The below code extracts all building inspections and counts the number of A, B, C, D, and F grades.

import requests
import json
import numpy as np

urbanaBuildingGrades = requests.get("http://data.urbanaillinois.us/resource/2tkj-9e9d.json?$limit=50000")
urbanaBuildingGrades_data = urbanaBuildingGrades.json()

ourGrades = np.empty([len(urbanaBuildingGrades_data),1], dtype = "str")
a = 0
b = 0
c = 0
d = 0
f = 0
for k in range(len(urbanaBuildingGrades_data)):
    temporaryGrade = urbanaBuildingGrades_data[k]["grade"]
    ourGrades[k] = temporaryGrade[6]
    if ourGrades[k] == "A":
        a+=1
    elif ourGrades[k] == "B":
        b+=1
    elif ourGrades[k] == "C":
        c+=1
    elif ourGrades[k] == "D":
        d+=1
    elif ourGrades[k] == "F":
        f+=1
print("a",a,"b",b,"c",c,"d",d,"f",f)
a 153 b 1518 c 143 d 9 f 3

Next Checkpoint

The following are building inspections from the year of 2018.

import requests
import json
import numpy as np

urbanaBuildingGrades = requests.get("http://data.urbanaillinois.us/resource/2tkj-9e9d.json?$limit=50000")
urbanaBuildingGrades_data = urbanaBuildingGrades.json()

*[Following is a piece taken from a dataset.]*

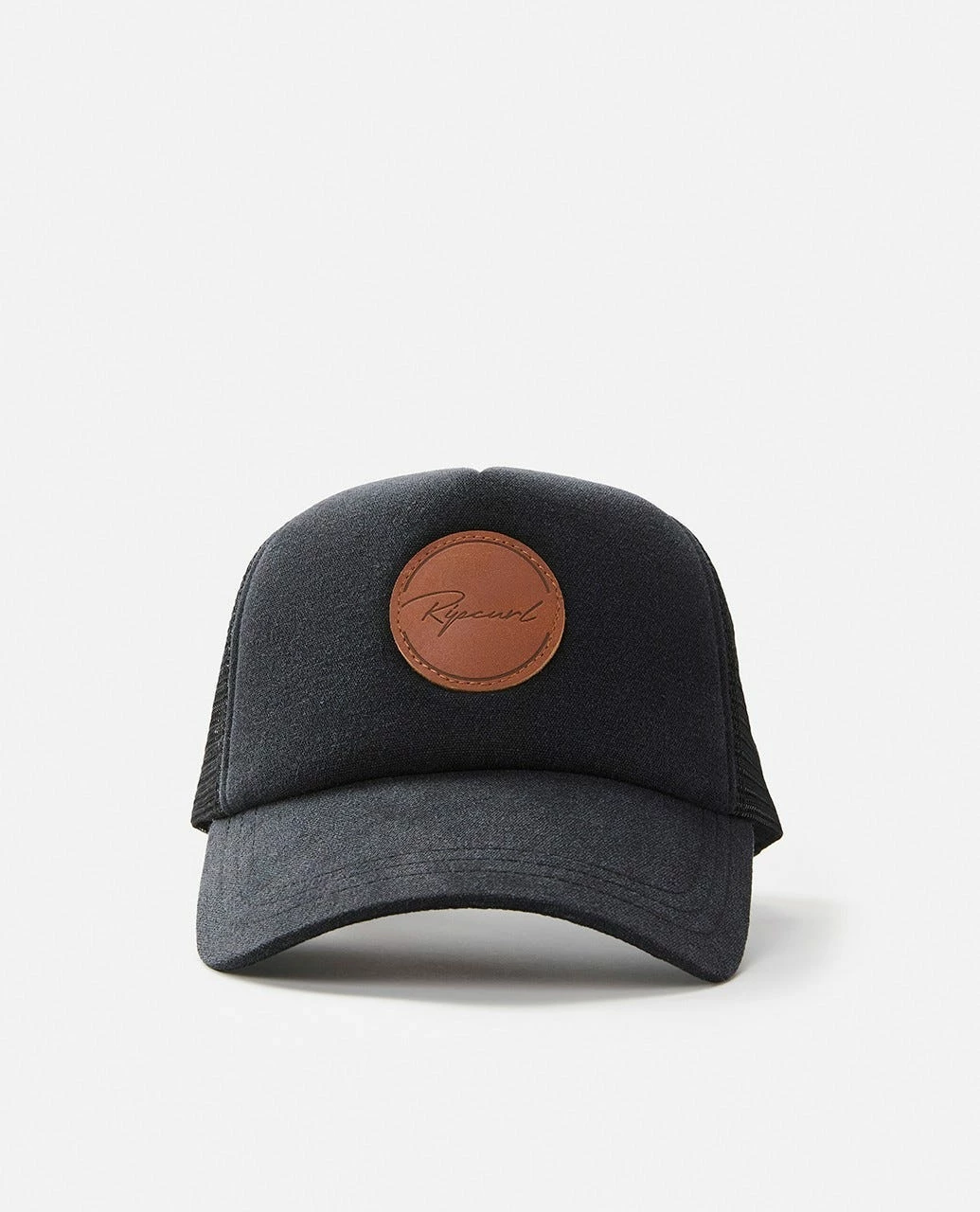 Complete your look with the Premium Surf Trucker Cap. This adjustable cap features a classic trucker style with a woven flag label and a vintage look. It has a curved peak and a mesh back for breathability. The cap also includes a badge for added style.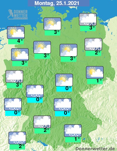 Heute zeigt sich das Wetter im Westen teils heiter bis sonnig und trocken, teils bringen dichte Wolken auch etwas Schnee oder Regen. Im übrigen Land halten sich hingegen dichte Wolken, dabei fällt gebietsweise Schnee, zum Teil auch Schneeregen. Die Temperatur steigt auf 0 Grad im Saargau und bis 4 Grad an der Nordsee.

ourGrades = np.empty([len(urbanaBuildingGrades_data),1], dtype = "str")
a = 0
b = 0
c = 0
d = 0
f = 0
for k in range(len(urbanaBuildingGrades_data)):
    if urbanaBuildingGrades_data[k]["inspection_year"] == "2018":
        temporaryGrade = urbanaBuildingGrades_data[k]["grade"]
        ourGrades[k] = temporaryGrade[6]
        if ourGrades[k] == "A":
            a+=1
        elif ourGrades[k] == "B":
            b+=1
        elif ourGrades[k] == "C":
            c+=1
        elif ourGrades[k] == "D":
            d+=1
        elif ourGrades[k] == "F":
            f+=1
print("a",a,"b",b,"c",c,"d",d,"f",f)
a 24 b 177 c 20 d 0 f 0

EIEIO Algorithm Code

How does Old McDonald know what's on his farm?
  • EIEIO
Jokes aside, this algorithm was inspired by the Fog-of-War (FoW) functional proposed in my first paper, which sought to bias exploration to the areas proportionally to the time since they had last been visited.  In formulating a data-driven analog to the FoW functional, we extended the FoW with EIEIO so that heterogeneity in the nonstationary environment is taken into account.  Since the first paper on EIEIO has been published, we have published a chapter (Chapter 2) in Springer's Handling Uncertainty and Networked Structure in Robot Control in collaboration with Lucian Busoniu and Levente Tamas, which becomes available in 2016.

My code for EIEIO, as well as code by our compatriots for the textbook, is available here.

MATLAB Email Notification of Error

I've generated a MATLAB function called "sendToGmailFromGmailError" which automatically sends an email from a user-controlled gmail account to another gmail account.  The purpose of this program is to call the function in the MATLAB "try/catch" structure. In the event that the code in the "try" section of the code encounters an error, the "sendToGmailFromGmailError" function will notify yourself or an individual in your team that your simulation has encountered an error.  Moreover, the email contains the MATLAB error message so that you can know what went wrong.

MATLAB Email Notification of Completion

I've generated a MATLAB function called "sendToGmailFromGmail" which automatically sends an email from a user-controlled gmail account to another gmail account.  The purpose of this program is to call the function at the end of a simulation so as to notify yourself or an individual in your team that a simulation has finished running.  That way, when lengthy programs are executing students are not constrained to waiting for the program to finish.